Cette question difficile a été résolue dans le sens de la première de ces deux interprétations, par la Cour de cassation : « Attendu que les art. du C. for. 165 et suivants, jusques et y compris l'art. 170, lesquels déterminent les formes à suivre par les gardes forestiers pour la rédaction de leurs procès-verbaux, ont soigneusement indiqué toutes celles de ces formes à l'inobservation desquelles ils attachaient les peines de nullité; mais que ces mêmes articles n'ont point fixé de délais dans lesquels devraient être rédigés ces procès-verbaux; que s'il est désirable que le moment où ces actes sont rédigés soit le plus rapproché possible de la reconnaissance du délit qu'ils ont pour but de constater, et si, d'après ce motif, il est enjoint aux gardes forestiers, par l'art. 181 de l'ordonnance d'exécution du 1er août 1827, de dresser jour par jour des procès-verbaux des délits qu'ils auraient reconnus, néanmoins cette injonction ne leur est pas faite à peine de nullité; que si cet art. 181 prescrit aux gardes forestiers de se conformer aux règles tracées par les art. 16 et 18 du C. d'instr. crim., soit pour la rédaction de ces procès-verbaux, soit pour leur remise aux autorités supérieures, ces articles, qui ne sont pas d'ailleurs prescrits à peine de nullité, ont été modifiés, en ce qui concerne les gardes forestiers, par l'art. 170 du C. for.; que dès lors, en annulant dans la cause le procès-verbal qui a servi de base aux poursuites, lequel est régulier dans sa forme, et ce, sur le motif que cet acte n'a été

rédigé que trente-six jours après la reconnaissance faite, par le garde rédacteur, de la perpétration du délit, le jugement attaqué a admis une nullité qui n'est pas formellement prononcée par la loi '. »

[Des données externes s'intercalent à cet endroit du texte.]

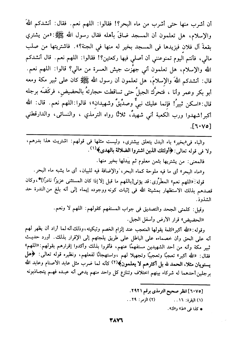 أن أشرب منها حتى أشرب من ماء البحر؟! فقالوا: اللهم نعم. فقال: أنشدكم الله والإسلام، هل تعلمون أن المسجد ضاق بأهله فقال رسول الله صلى الله عليه وسلم: ((من يشتري بقعة آل فلان فيزيدها في المسجد بخير له منها في الجنة؟)). فاشتريتها من صلب مالي، فأنتم اليوم تمنوعنني أن أصلي فيها ركعتين؟! فقالوا: اللهم نعم. قال أنشدكم الله والإسلام، هل تعلمون أني جهزت جيش العسرة من مالي؟ قالوا: اللهم نعم. قال: أنشدكم الله والإسلام، هل تعلمون أن رسول الله صلى الله عليه وسلم كان على ثبير مكة ومعه أبو بكر وعمر وأنا، فتحرك الجبل حتى تساقطت حجارته بالحضيض، فركضه برجله قال: ((اسكن ثبير! فإنما عليك نبي وصديق وشهيدان))؛ قالوا: اللهم نعم. قال: الله أكبر! شهدوا ورب الكعبة أني شهيد، ثلاثا رواه الترمذي، والنسائي، والدارقطني [6075].

Cette solution n'est que l'application rigoureuse d'une loi évidemment imparfaite. Nous avons vu que la législation a prescrit comme une règle générale la rédaction des procès-verbaux au moment même ou le plus près possible de la découverte des délits. Cette règle est-elle inapplicable en matière forestière? L'ordonnance de 1669, qui fixait le délai de cette rédaction à deux jours, et la loi du 29 septembre 1791, qui le limitait à vingt-quatre heures, attestent que la constatation des délits forestiers peut facilement y être assujettie. On a dit, néanmoins, qu'il est des délits qui exigent souvent plusieurs jours pour en suivre les traces et arriver à en découvrir les auteurs; mais les gardes peuvent alors constater jour par jour, jusqu'à la clôture de leur procès-verbal, les recherches auxquelles ils se sont livrés; ils ne sont pas même obligés d'attendre, pour le clore, qu'ils aient découvert les auteurs du délit. Il n'y avait donc pas de motif de déroger au principe qui domine tous les procès-verbaux. Et ce principe ne devait-il pas être appliqué avec plus de sévérité lorsque les procèsverbaux font foi jusqu'à inscription de faux, lorsqu'ils excluent tout autre témoignage? Il faut remarquer, en outre, qu'aux termes de l'art. 185 du C. for., la

Arr. Cass. 11 janvier 1850, rapp. M. Fréteau de Pény (Bull., no 8).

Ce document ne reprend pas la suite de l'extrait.